## WHAT IS EXPECTED
Leave out the pictures and retype, exactly, the lines below from the line with "2.合成道具的必备物品,所有道具都能制作,先打造一个制作台。" up to and including the line with "The red-orange July", nothing more.
[TASK INPUTS Boundary: Start]
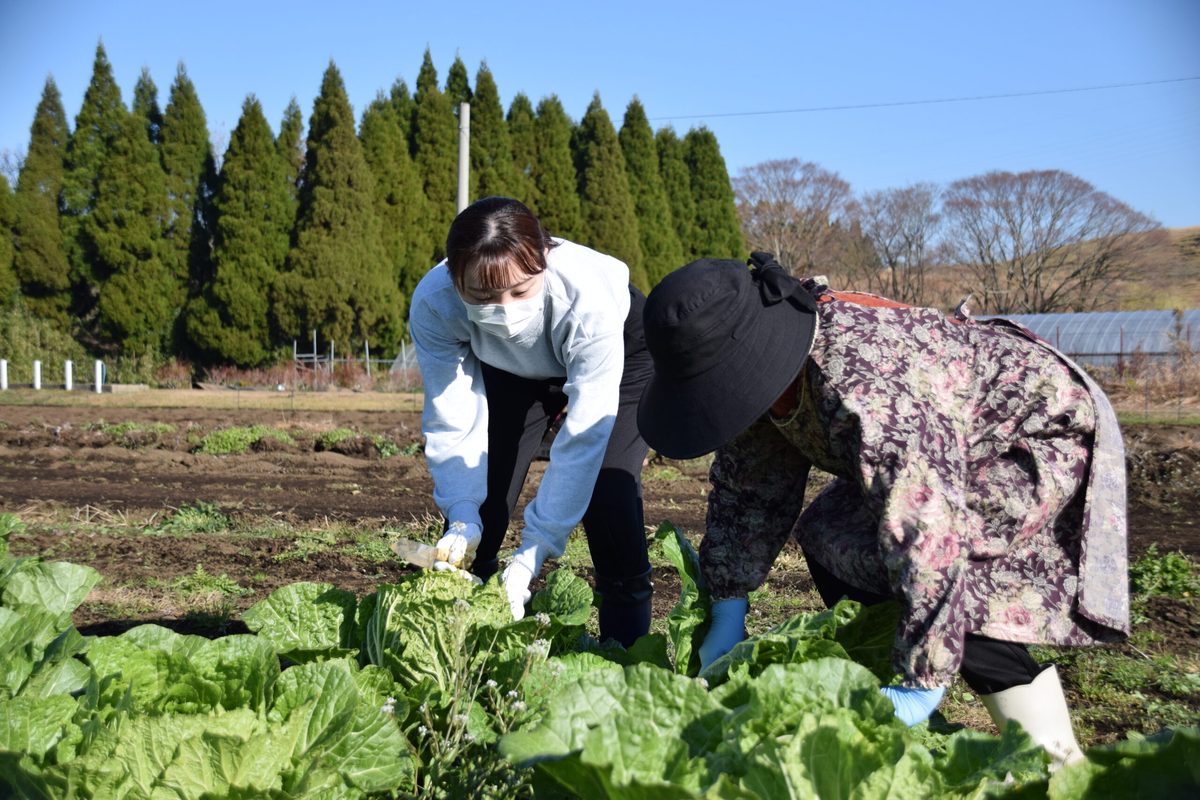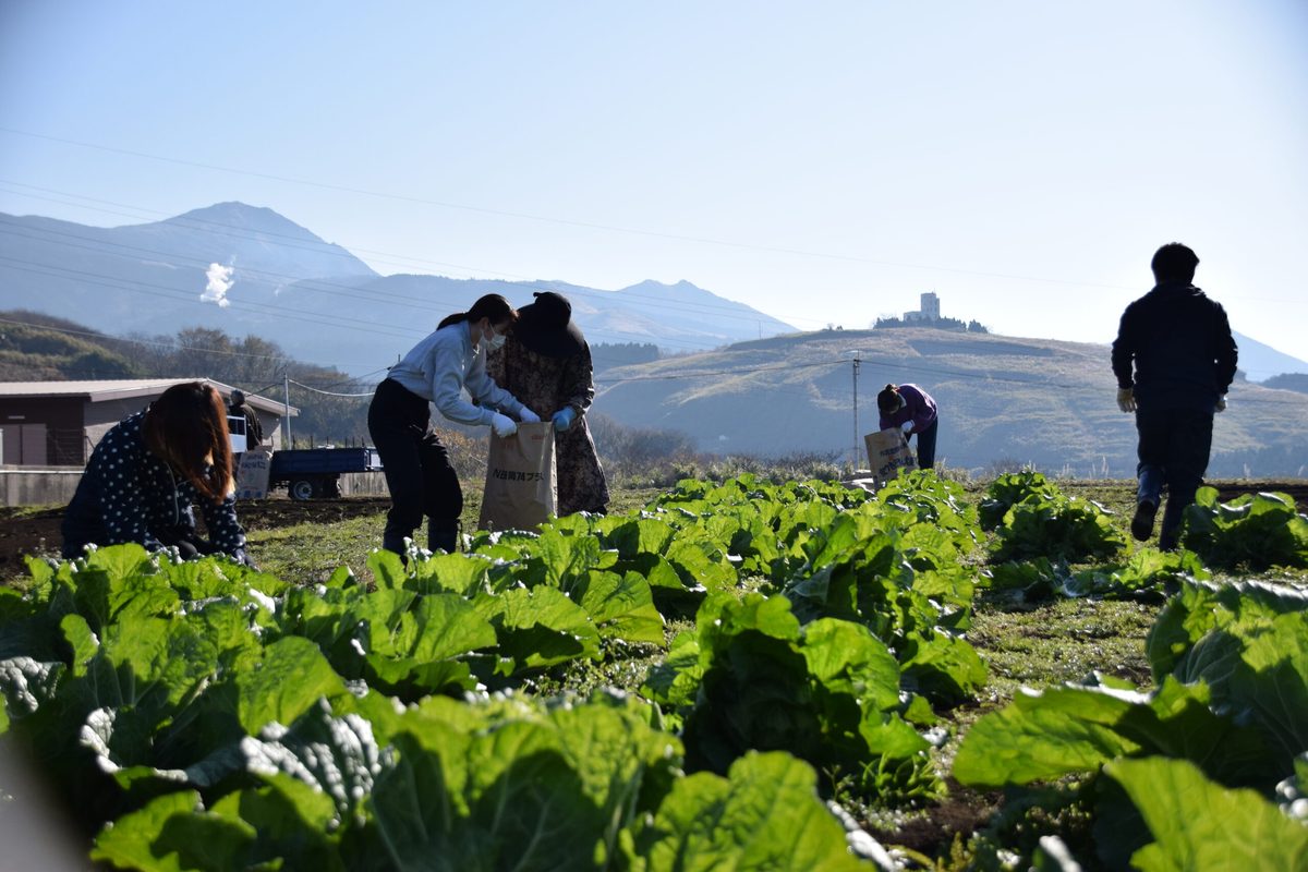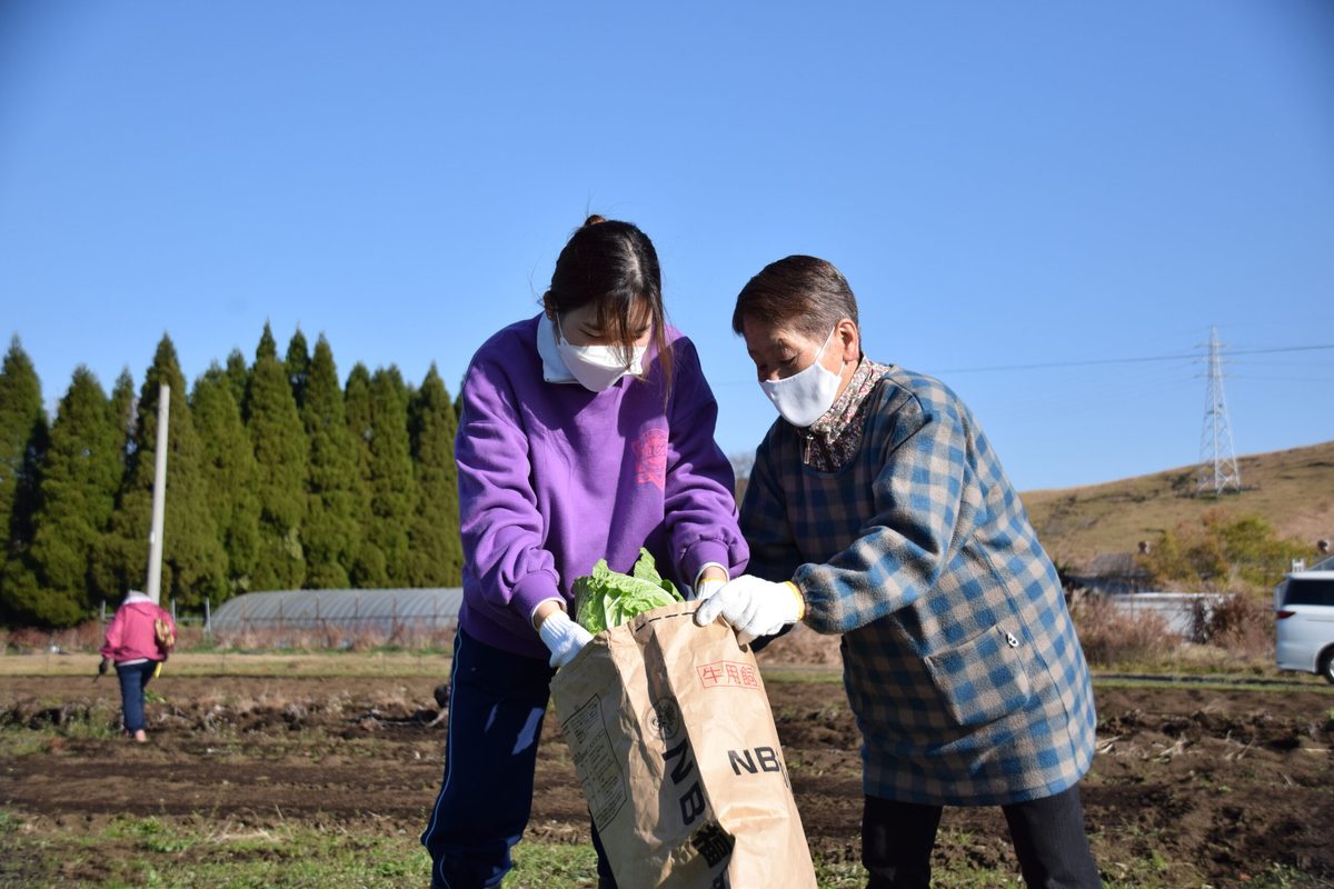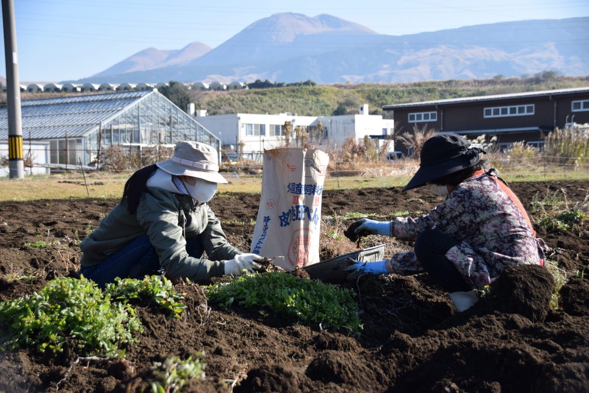 本学では2018年1月に、環境省ならびに熊本県と「阿蘇地域の創造的復興に向けた地域循環共生圏の構築に関する協定」を締結しており、熊本地震に見舞われた阿蘇地域の創造的復興に向けて、さまざまな取り組みを展開しています。そのなかで今回は、12月10日に阿蘇実習フィールドにおいて「黒川地区住民と学生との農産物収穫」を開催しました。
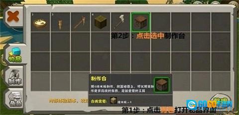 2.合成道具的必备物品,所有道具都能制作,先打造一个制作台。
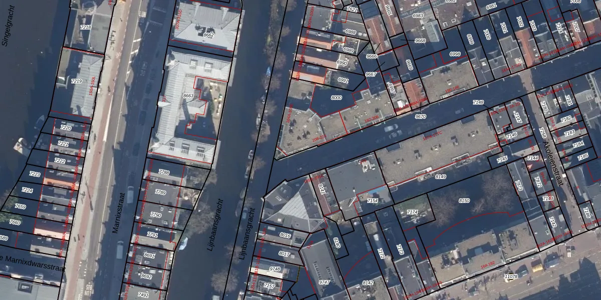 Het adres is gelegen op perceel 8000 in de sectie L en de kadastrale gemeente Amsterdam. De kadastrale aanduiding is aldus ASD08-L-8000. De oppervlakte van het perceel is 731 m². Dat is groter dan gemiddeld in Amsterdam, waar de gemiddelde perceeloppervlakte op 202,23 m² ligt. De grootste perceeloppervlakte in de kadastrale gemeente is 3,3 ha. De kleinste oppervlakte bedraagt 0 m². Op het perceel zijn 26 adressen aanwezig. De laatste wijziging in het de Basisregistratie Kadaster (BRK) was op 23-09-2014.
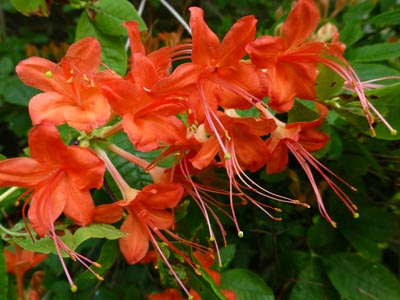 The red-orange July through August blooms of Rhododendron prunifolium. photo credit: C. Sawyers
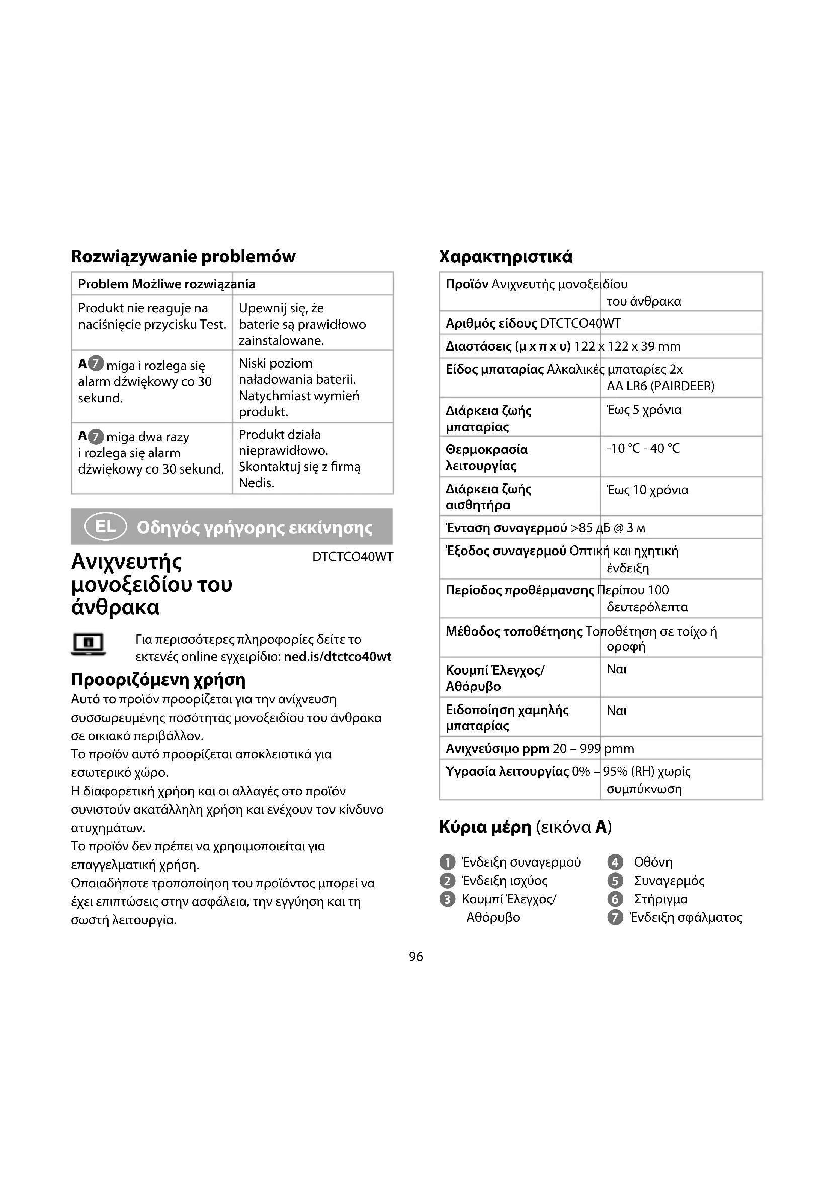 DTCTCO40WT Για περισσότερες πληροφορίες δείτε το εκτενές online εγχειρίδιο: ned.is/dtctco40wt Προοριζόμενη χρήση Αυτό το προϊόν προορίζεται για την ανίχνευση συσσωρευμένης ποσότητας μονοξειδίου του άνθρακα σε οικιακό περιβάλλον. Το προϊόν αυτό προορίζεται αποκλειστικά για εσωτερικό χώρο. Η διαφορετική χρήση και οι αλλαγές στο προϊόν συνιστούν ακατάλληλη χρήση και ενέχουν τον κίνδυνο ατυχημάτων. Το προϊόν δεν πρέπει να χρησιμοποιείται για επαγγελματική χρήση. Οποιαδήποτε τροποποίηση του προϊόντος μπορεί να έχει επιπτώσεις στην ασφάλεια, την εγγύηση και τη σωστή λειτουργία. Χαρακτηριστικά Προϊόν Ανιχνευτής μονοξειδίου του άνθρακα Αριθμός είδους DTCTCO40WT Διαστάσεις (μ x π x υ) 122 x 122 x 39 mm Είδος μπαταρίας Αλκαλικές μπαταρίες 2x AA LR6 (PAIRDEER) Διάρκεια ζωής
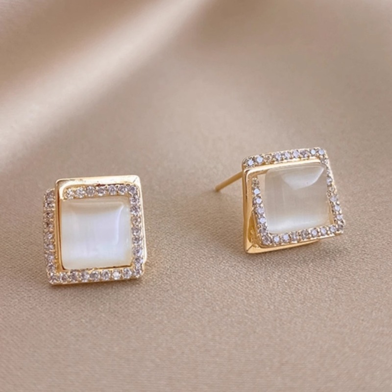 彤彤兔 S925银针几何菱形耳环女镶钻潮简约小巧气质网红耳饰品
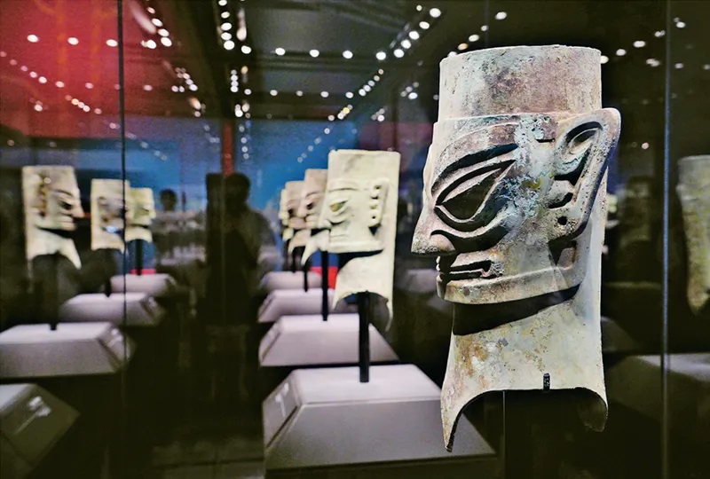 作為20世紀人類偉大的考古發現,三星堆不僅出土了眾多珍貴的文物,更以其獨特的文化面貌和豐富的歷史內涵,成為研究古代中華文明起源和發展的重要窗口。2024年6月27日,“探秘古蜀文明——三星堆與金沙”展在北京大運河博物館亮相。圖為辮發青銅人頭像。 人民圖片 宋家儒/攝
[TASK INPUTS Boundary: End]
## FINAL ANSWER
 2.合成道具的必备物品,所有道具都能制作,先打造一个制作台。
 Het adres is gelegen op perceel 8000 in de sectie L en de kadastrale gemeente Amsterdam. De kadastrale aanduiding is aldus ASD08-L-8000. De oppervlakte van het perceel is 731 m². Dat is groter dan gemiddeld in Amsterdam, waar de gemiddelde perceeloppervlakte op 202,23 m² ligt. De grootste perceeloppervlakte in de kadastrale gemeente is 3,3 ha. De kleinste oppervlakte bedraagt 0 m². Op het perceel zijn 26 adressen aanwezig. De laatste wijziging in het de Basisregistratie Kadaster (BRK) was op 23-09-2014.
 The red-orange July through August blooms of Rhododendron prunifolium. photo credit: C. Sawyers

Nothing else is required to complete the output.